The records

[Start of Attachment]

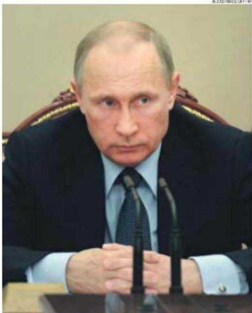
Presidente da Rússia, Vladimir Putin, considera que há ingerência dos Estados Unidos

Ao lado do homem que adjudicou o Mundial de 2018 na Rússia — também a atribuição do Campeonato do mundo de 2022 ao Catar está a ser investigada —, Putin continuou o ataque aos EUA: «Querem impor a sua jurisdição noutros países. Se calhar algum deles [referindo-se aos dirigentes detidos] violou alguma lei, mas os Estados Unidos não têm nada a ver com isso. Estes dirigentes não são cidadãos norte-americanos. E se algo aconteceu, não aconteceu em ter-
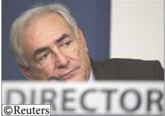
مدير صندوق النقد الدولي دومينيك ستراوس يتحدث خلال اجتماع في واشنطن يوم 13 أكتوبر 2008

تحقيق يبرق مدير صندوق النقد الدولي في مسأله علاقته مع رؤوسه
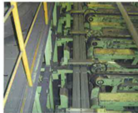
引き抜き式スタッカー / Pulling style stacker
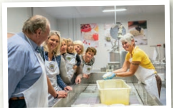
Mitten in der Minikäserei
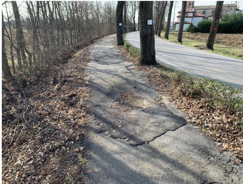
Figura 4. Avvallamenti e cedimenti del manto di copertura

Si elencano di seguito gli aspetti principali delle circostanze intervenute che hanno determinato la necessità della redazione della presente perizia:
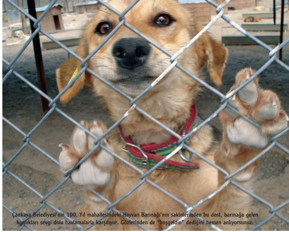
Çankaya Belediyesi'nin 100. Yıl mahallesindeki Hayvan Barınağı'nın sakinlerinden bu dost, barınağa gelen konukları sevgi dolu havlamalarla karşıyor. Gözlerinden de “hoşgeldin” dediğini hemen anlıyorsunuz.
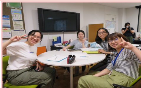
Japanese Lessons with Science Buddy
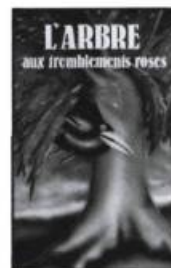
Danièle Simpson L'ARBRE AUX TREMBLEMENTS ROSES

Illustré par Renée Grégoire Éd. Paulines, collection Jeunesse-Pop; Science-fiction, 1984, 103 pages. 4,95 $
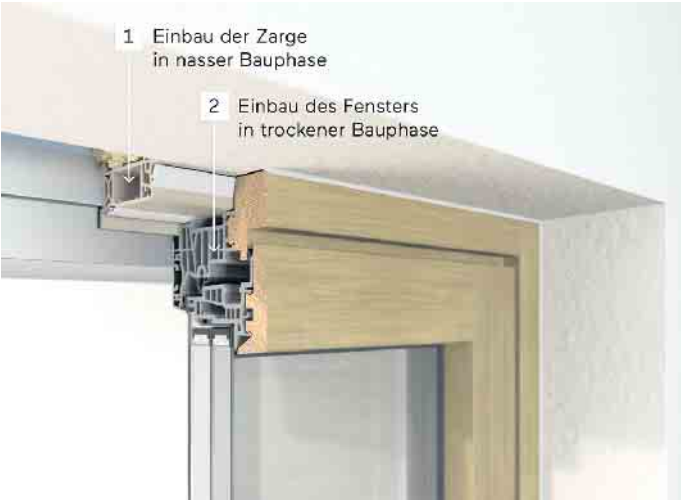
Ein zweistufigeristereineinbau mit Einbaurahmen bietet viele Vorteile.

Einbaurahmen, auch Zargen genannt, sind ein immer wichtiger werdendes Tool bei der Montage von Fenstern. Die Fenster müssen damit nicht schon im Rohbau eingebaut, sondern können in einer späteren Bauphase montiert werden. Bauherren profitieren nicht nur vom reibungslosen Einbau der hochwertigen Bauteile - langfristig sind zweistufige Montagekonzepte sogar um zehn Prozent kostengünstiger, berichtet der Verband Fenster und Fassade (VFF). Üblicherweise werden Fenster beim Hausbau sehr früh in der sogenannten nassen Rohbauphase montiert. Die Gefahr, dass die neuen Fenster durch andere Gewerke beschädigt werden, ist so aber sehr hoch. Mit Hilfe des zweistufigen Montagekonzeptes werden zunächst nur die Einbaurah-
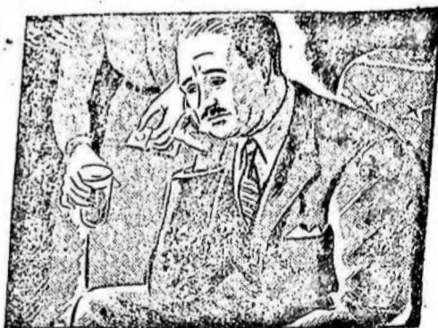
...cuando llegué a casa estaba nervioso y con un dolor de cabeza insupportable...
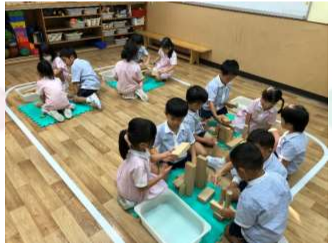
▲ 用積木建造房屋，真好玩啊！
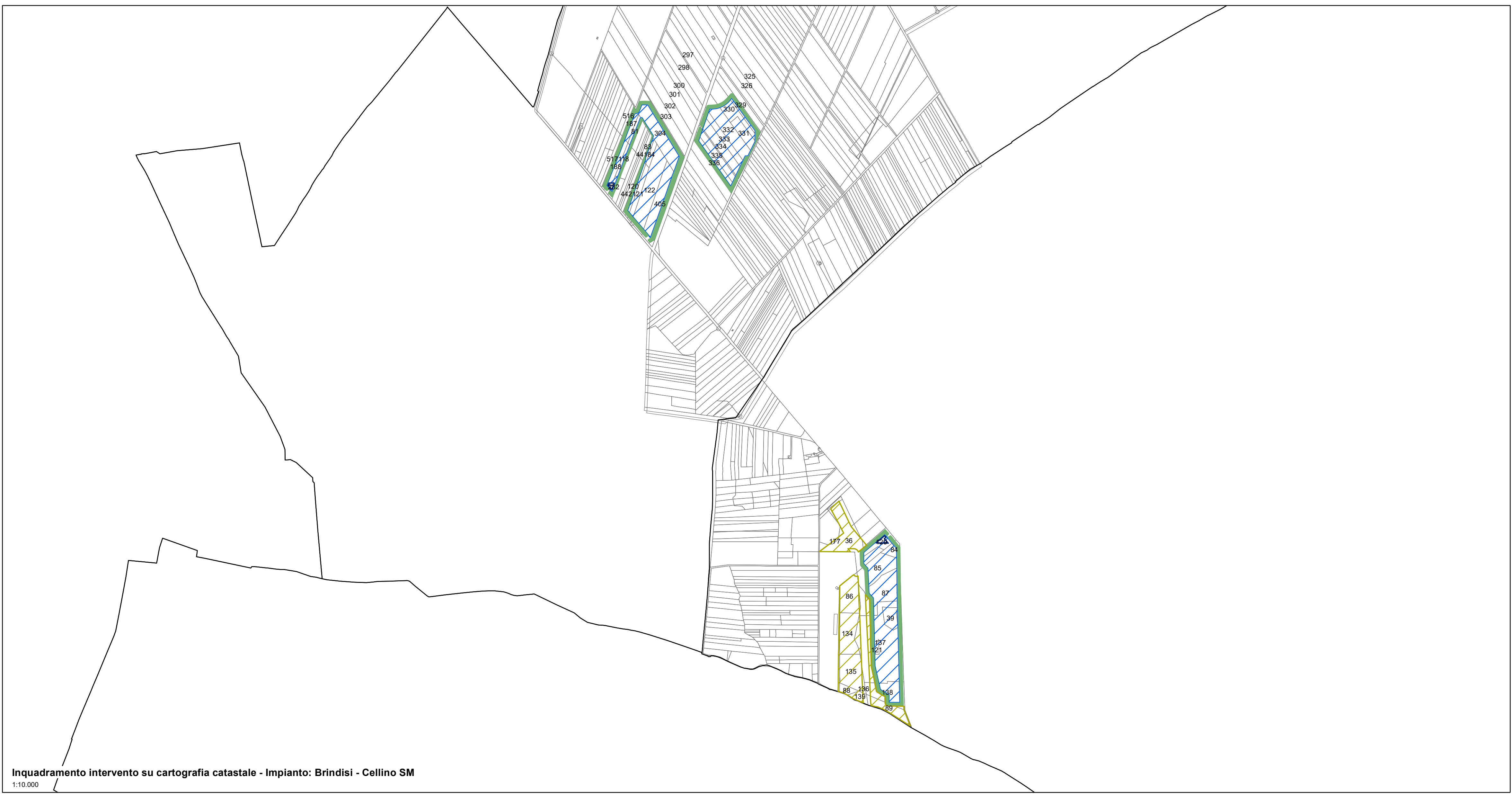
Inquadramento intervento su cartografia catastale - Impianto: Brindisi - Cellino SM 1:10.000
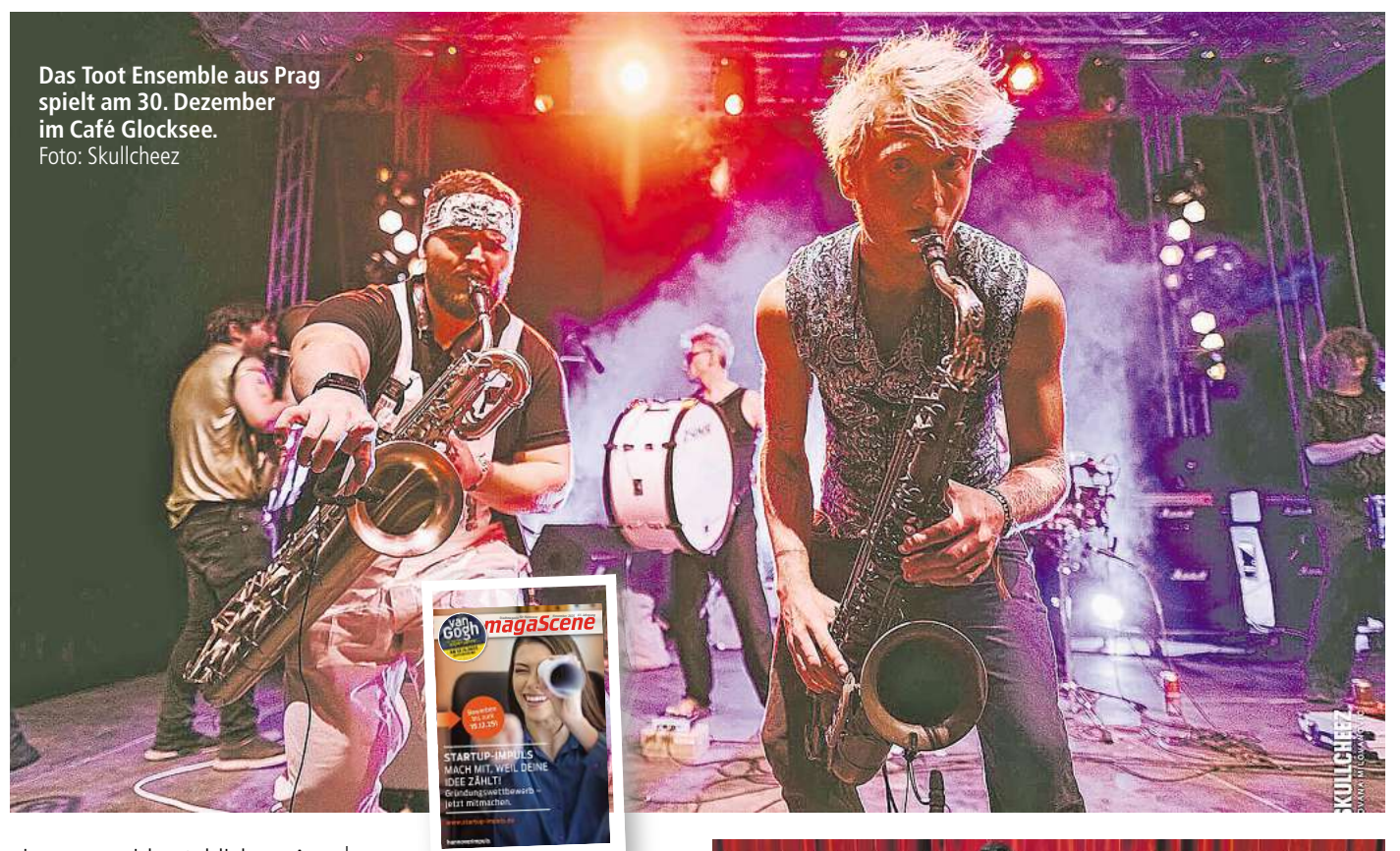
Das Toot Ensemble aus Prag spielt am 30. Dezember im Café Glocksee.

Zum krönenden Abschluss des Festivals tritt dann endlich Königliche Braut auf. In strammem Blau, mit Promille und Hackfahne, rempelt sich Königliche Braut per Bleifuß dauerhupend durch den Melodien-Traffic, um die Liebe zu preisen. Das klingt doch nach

[End of Attachment]
[Start of Attachment]

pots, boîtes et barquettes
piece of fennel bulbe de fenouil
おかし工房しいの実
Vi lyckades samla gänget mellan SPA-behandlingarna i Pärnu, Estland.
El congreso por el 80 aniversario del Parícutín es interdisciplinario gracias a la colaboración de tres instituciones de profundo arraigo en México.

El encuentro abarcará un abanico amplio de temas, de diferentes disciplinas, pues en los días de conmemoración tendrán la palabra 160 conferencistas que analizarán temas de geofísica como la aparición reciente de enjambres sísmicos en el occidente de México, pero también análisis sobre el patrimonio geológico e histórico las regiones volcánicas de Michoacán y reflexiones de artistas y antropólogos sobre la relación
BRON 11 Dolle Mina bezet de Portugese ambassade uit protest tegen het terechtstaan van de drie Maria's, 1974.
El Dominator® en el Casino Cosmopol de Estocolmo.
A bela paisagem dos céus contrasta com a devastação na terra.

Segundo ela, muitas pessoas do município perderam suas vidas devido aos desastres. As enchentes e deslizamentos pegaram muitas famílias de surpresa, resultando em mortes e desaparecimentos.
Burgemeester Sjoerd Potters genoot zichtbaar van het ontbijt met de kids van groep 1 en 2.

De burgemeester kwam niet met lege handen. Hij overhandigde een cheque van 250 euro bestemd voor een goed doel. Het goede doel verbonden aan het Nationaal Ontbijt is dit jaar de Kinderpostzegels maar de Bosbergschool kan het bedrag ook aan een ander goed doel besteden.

[End of Attachment]
[Start of Attachment]

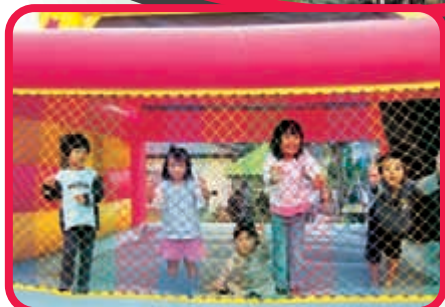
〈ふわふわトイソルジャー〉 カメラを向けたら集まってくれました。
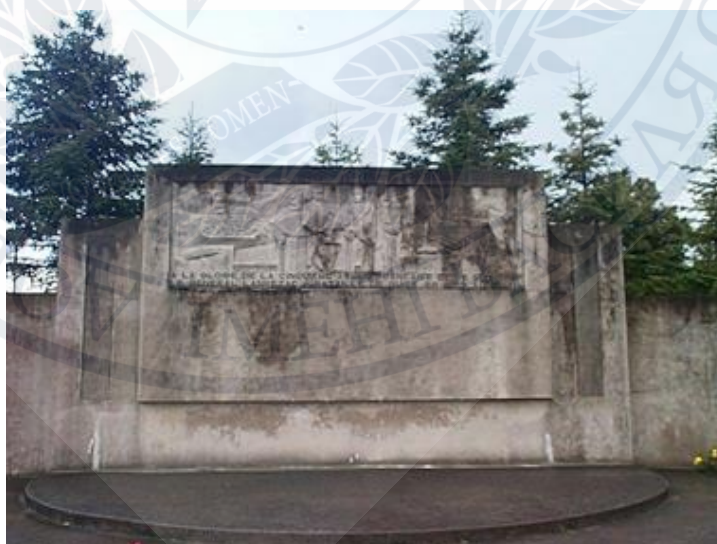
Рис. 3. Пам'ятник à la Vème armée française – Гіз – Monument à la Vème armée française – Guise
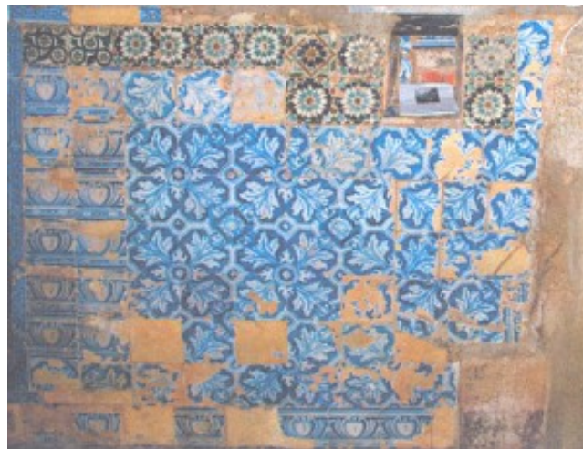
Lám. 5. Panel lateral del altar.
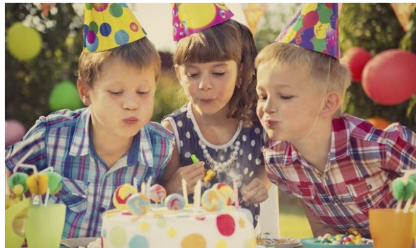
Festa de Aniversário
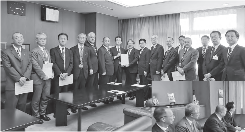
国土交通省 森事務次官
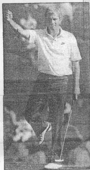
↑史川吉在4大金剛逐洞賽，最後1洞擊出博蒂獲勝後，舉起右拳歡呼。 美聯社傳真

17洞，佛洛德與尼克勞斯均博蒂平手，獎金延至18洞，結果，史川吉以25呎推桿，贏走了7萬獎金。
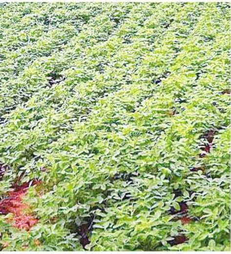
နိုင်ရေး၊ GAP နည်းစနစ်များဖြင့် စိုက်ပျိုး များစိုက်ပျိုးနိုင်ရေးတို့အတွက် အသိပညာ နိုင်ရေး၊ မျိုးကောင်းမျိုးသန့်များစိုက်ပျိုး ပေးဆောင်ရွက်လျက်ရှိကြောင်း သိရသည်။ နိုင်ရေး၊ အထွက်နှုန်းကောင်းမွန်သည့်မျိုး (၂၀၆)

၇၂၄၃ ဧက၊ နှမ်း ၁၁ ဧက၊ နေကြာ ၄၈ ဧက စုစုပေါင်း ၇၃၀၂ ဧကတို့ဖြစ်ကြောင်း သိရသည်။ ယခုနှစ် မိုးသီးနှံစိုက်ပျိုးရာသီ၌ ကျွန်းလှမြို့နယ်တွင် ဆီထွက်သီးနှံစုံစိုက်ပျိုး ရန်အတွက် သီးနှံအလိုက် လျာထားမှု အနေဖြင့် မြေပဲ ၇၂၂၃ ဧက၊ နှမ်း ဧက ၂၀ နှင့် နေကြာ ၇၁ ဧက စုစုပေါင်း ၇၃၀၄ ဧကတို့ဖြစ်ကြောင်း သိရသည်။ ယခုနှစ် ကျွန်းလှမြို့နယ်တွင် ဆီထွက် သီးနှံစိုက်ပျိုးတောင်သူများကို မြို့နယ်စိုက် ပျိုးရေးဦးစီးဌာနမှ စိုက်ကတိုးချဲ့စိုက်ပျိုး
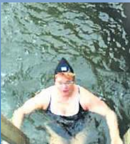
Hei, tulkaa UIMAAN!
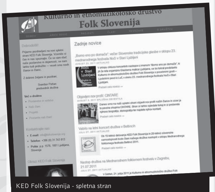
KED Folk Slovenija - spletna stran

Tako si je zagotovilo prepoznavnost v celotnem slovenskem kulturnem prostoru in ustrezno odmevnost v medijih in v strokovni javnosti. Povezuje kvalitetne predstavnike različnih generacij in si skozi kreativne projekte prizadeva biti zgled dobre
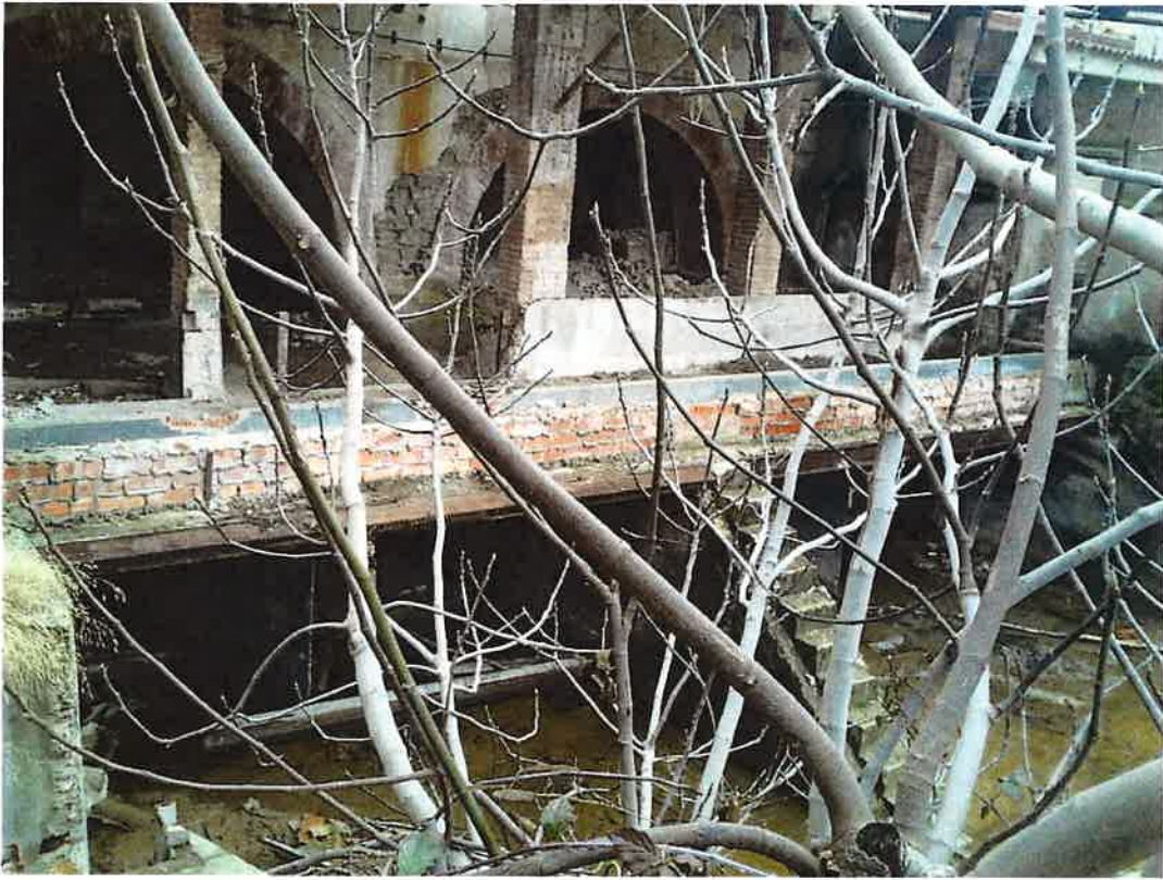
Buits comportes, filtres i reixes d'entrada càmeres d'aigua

[End of Attachment]

What this task involves
Check each line above for the string "Einbaurahmen" and copy those that have it.

Written response
Ein zweistufigeristereineinbau mit Einbaurahmen bietet viele Vorteile.
Einbaurahmen, auch Zargen genannt, sind ein immer wichtiger werdendes Tool bei der Montage von Fenstern. Die Fenster müssen damit nicht schon im Rohbau eingebaut, sondern können in einer späteren Bauphase montiert werden. Bauherren profitieren nicht nur vom reibungslosen Einbau der hochwertigen Bauteile - langfristig sind zweistufige Montagekonzepte sogar um zehn Prozent kostengünstiger, berichtet der Verband Fenster und Fassade (VFF). Üblicherweise werden Fenster beim Hausbau sehr früh in der sogenannten nassen Rohbauphase montiert. Die Gefahr, dass die neuen Fenster durch andere Gewerke beschädigt werden, ist so aber sehr hoch. Mit Hilfe des zweistufigen Montagekonzeptes werden zunächst nur die Einbaurah-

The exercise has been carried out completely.